TASK DIRECTIONS:
Word for word, print each record, dropping any image it holds.

----- DATASET EXTRACT -----

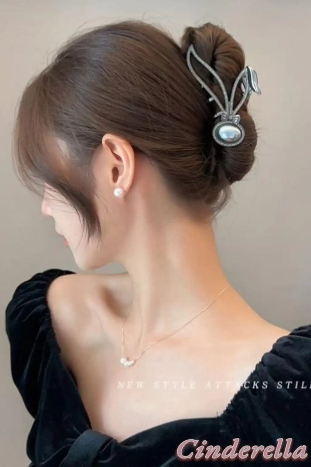 Vintage Retro Şık Siyah Renkli İncili Kıstırmalı Saç Tokası 11cm - Topuz Tokası Klipsli Toka
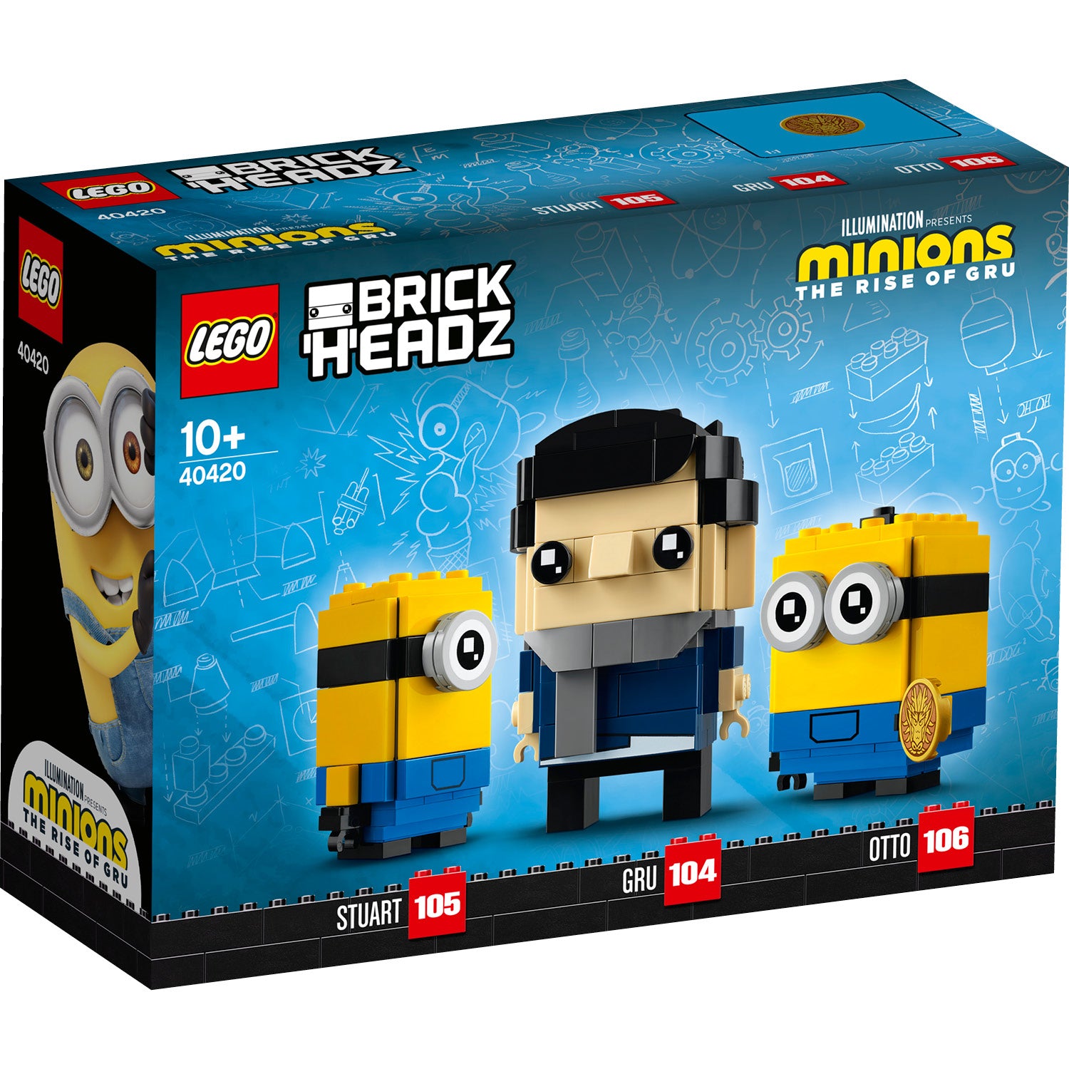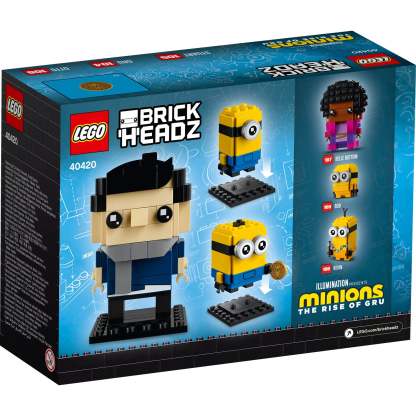 LEGO® BrickHeadz™ Gru, Stuart and Otto (40420) features 3 characters from the Minions movie: Gru, Minion Stuart and Minion Otto with a zodiac stone. They are all part of the LEGO BrickHeadz collection and come with their own character ID and a sturdy baseplate for easy display, either individually, as a group or alongside other BrickHeadz models.
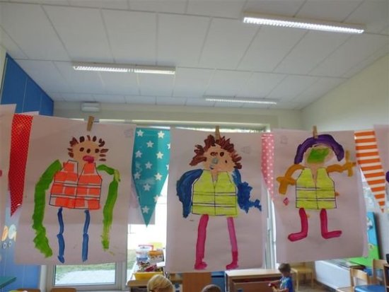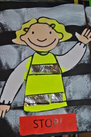 - Knutselen met kleuters: print de prent van 'fluo Jules', laat de kleuters het hesje schilderen met fluoverf (of gele of oranje verf). Maak de reflecterende stroken met snippers zilverpapier. Schilder met witte verf een zebrapad op zwart papier en kleef Jules erop.
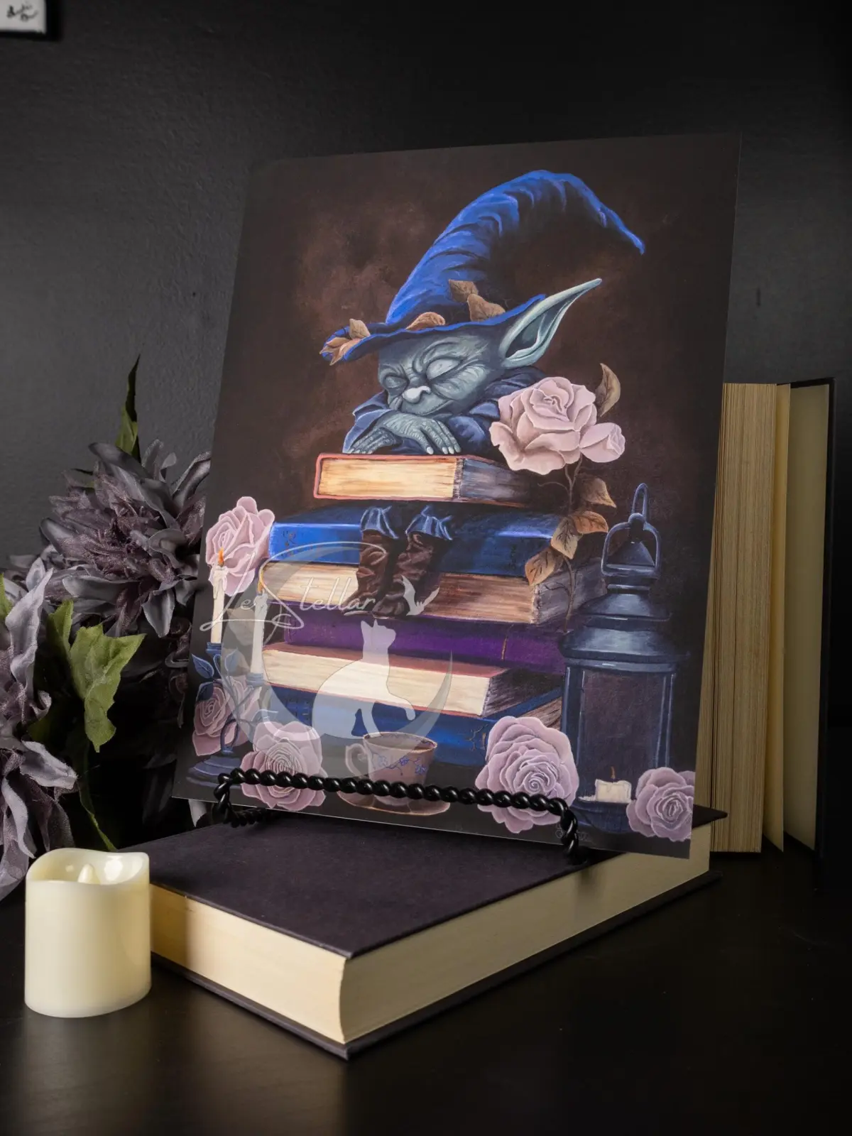 Book Goblin Art Print: Dark Academia Wizard with Witch Hat Acrylic Painting
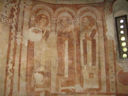 La chiesa presenta tre navate che culminano in tre absidi e i pilastri interni sostengono capitelli con motivi vegetali e zoomorfi (tralci, fogliame, palmette, grappoli, fiori e boccioli, un leone, un uccello, un cane e altre figure). Splendidi gli affreschi del XII secolo nei pressi del ciborio duecentesco dove campeggia un Cristo benedicente in trono che mostra la scritta all’interno del Libro “ego sum primus et ultimus”.
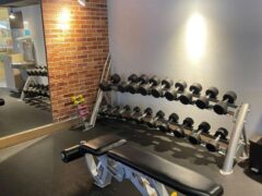 Dumbbells range from 5 to 50 lbs/2 to 22 kgs and there’s a couple of adjustable benches as well.
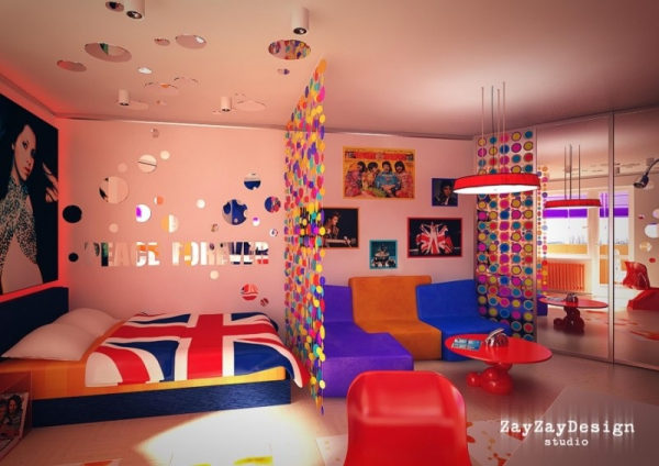 Ini dia penampakan kamar gaya pop art nya yang cantik.
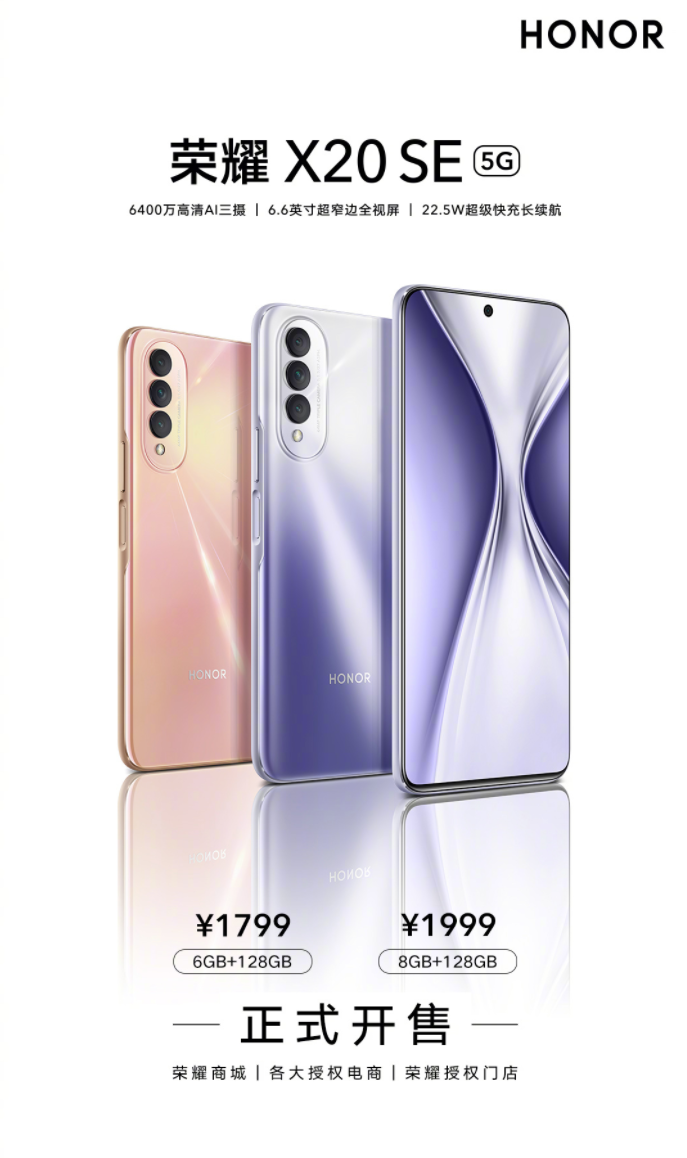 荣耀 X20 SE 手机的 6GB+128GB 版本售价 1799 元,8GB+128GB 版本售价 1999 元,将在今日上午 10 : 08 正式开售。
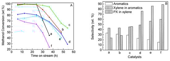 The MTA reaction was performed in a fixed-bed micro reactor (Pengxiang, Tianjin, China). The reaction was carried out with methanol WHSV of 3.2 h−1 at 390 °C and 0.5 MPa. The zeolite catalysts were crushed and sieved to 20–40 mesh and pretreated at reaction temperature for 8 h in a nitrogen flow. The gas and liquid products were separated with a cold trap and analyzed by gas chromatographs (7890A, Agilent, Palo alto, CA, USA). The specific parameters of GC were the same values as described previously [].
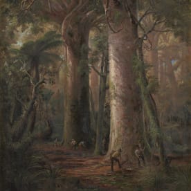 Charles_Blomfield "Scene of Kauri Bush gumdiggers at work". 1892, oil on canvas (PHOTO: All rights Reserved https://www.tepapa.govt.nz/about/media-sales-and-licensing)
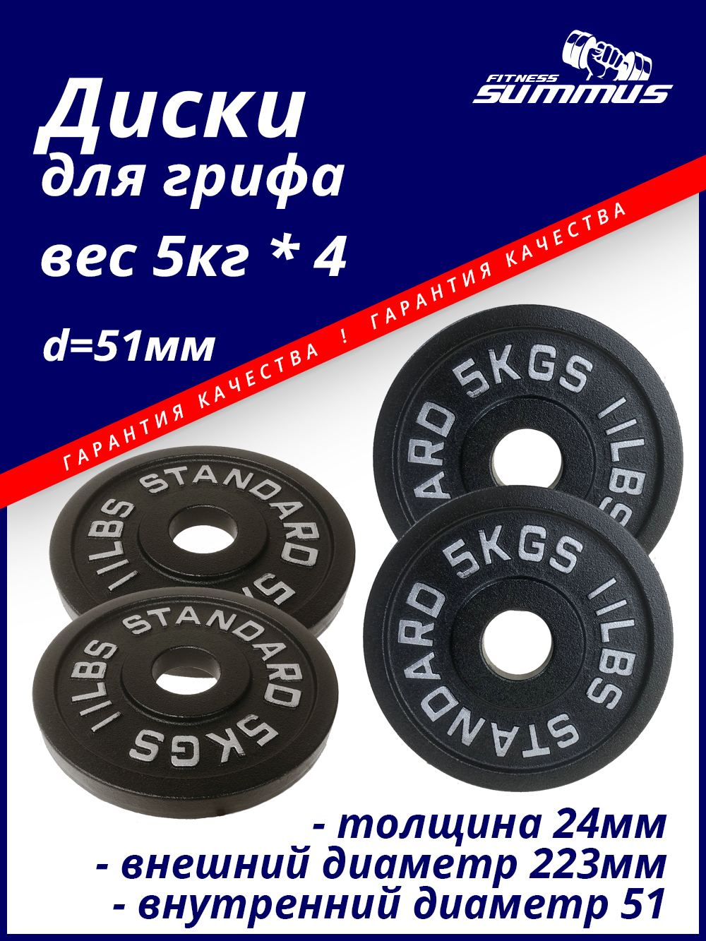 Диски для грифа Summus, чугунные 4 шт. по 5 кг, d-51мм, арт. 500-129

-----

FINISHED EXERCISE:
 Vintage Retro Şık Siyah Renkli İncili Kıstırmalı Saç Tokası 11cm - Topuz Tokası Klipsli Toka
 LEGO® BrickHeadz™ Gru, Stuart and Otto (40420) features 3 characters from the Minions movie: Gru, Minion Stuart and Minion Otto with a zodiac stone. They are all part of the LEGO BrickHeadz collection and come with their own character ID and a sturdy baseplate for easy display, either individually, as a group or alongside other BrickHeadz models.
 - Knutselen met kleuters: print de prent van 'fluo Jules', laat de kleuters het hesje schilderen met fluoverf (of gele of oranje verf). Maak de reflecterende stroken met snippers zilverpapier. Schilder met witte verf een zebrapad op zwart papier en kleef Jules erop.
 Book Goblin Art Print: Dark Academia Wizard with Witch Hat Acrylic Painting
 La chiesa presenta tre navate che culminano in tre absidi e i pilastri interni sostengono capitelli con motivi vegetali e zoomorfi (tralci, fogliame, palmette, grappoli, fiori e boccioli, un leone, un uccello, un cane e altre figure). Splendidi gli affreschi del XII secolo nei pressi del ciborio duecentesco dove campeggia un Cristo benedicente in trono che mostra la scritta all’interno del Libro “ego sum primus et ultimus”.
 Dumbbells range from 5 to 50 lbs/2 to 22 kgs and there’s a couple of adjustable benches as well.
 Ini dia penampakan kamar gaya pop art nya yang cantik.
 荣耀 X20 SE 手机的 6GB+128GB 版本售价 1799 元,8GB+128GB 版本售价 1999 元,将在今日上午 10 : 08 正式开售。
 The MTA reaction was performed in a fixed-bed micro reactor (Pengxiang, Tianjin, China). The reaction was carried out with methanol WHSV of 3.2 h−1 at 390 °C and 0.5 MPa. The zeolite catalysts were crushed and sieved to 20–40 mesh and pretreated at reaction temperature for 8 h in a nitrogen flow. The gas and liquid products were separated with a cold trap and analyzed by gas chromatographs (7890A, Agilent, Palo alto, CA, USA). The specific parameters of GC were the same values as described previously [].
 Charles_Blomfield "Scene of Kauri Bush gumdiggers at work". 1892, oil on canvas (PHOTO: All rights Reserved https://www.tepapa.govt.nz/about/media-sales-and-licensing)
 Диски для грифа Summus, чугунные 4 шт. по 5 кг, d-51мм, арт. 500-129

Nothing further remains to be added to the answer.